Aliás, piscando algumas vezes, se fechasse os olhos, escutava os outros convidados agitados como as ondas oceânicas. Tocado pela iluminação que rememorava frestas solar, embarcava naquele segredo.
Mas...
- Acho que... – Recordando algumas frases comuns, escutadas ou encontradas em livros, por mais que aquela mistura fosse peculiar, arriscava. – Suponho que os peixes irão adorar quando você for o banquete.
- Sim. – James se preocupava. Dando de ombros, – Neste castelo, praticamos a transformação da matéria como forma de agradecimento ao universo.
- Um outro rei idiota me falou sobre a lei da consequência...
- Você escutava?
- Como não? Ele era irritante demais para ignorar.
James sorriu.
- Vou me empenhar em ser mais irritante para que você não tire os olhos de mim, Severus. – Percebendo o algoz gesticular os lábios ultrajados, acrescentava sério. - Contudo, embora seja sensacional e tenha todo o lance da herança, eu te garanto que vamos sair daqui.

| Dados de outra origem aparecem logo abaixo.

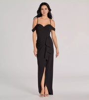 Exquisite crepe off shoulder heart-shaped neckline with adjustable thin shoulder straps, front slit with ruffle edge Prom Dresses

- E nadaremos até alguma ilha?
- Por que não podemos tomar o navio?
O riso fugaz, quase imperceptível, especialmente pelo melindroso homem manter o pão defronte os lábios com intuito de ocultá-los. Saboreando uma nova pequena mordida, certamente, a loucura deveria ser o sal perpassando aquela refeição. E, era incrível como a ínfima possibilidade em sonhar, afastava o habitual desespero.
Agora, junto ao canto dos pássaros, a embarcação velejava calma em direção ao encontro de azuis naquele horizonte sem barcos ou nuvens.
Continuando a comer pensativo, os negros olhos propunham:
- Começamos pela garganta do sub-capitão.
- E seguimos como fantasmas para o convés.
- Se falharmos, os peixes vão ganhar um banquete mais cedo.
- O que sempre foi o nosso objetivo. – James admitia e, mediante o pequeno riso em concordância, completava. – Acho que nosso plano está perfeito.
- Não será nada fácil.
- Você duvida das minhas habilidades?
Sim, Severus duvidava.
No entanto, por mais que aquele fosse o primeiro castelo que visitasse, suspeitava que não fosse nobre explanar a opinião durante a refeição. Por isto, erguendo a velha garrafa num improvisado brinde, eles selavam o sagrado pacto que, provavelmente, não duraria até a próxima manhã e não importava, pois, durante aquele jantar, era a desculpa que os unia e tudo o que eles tinham.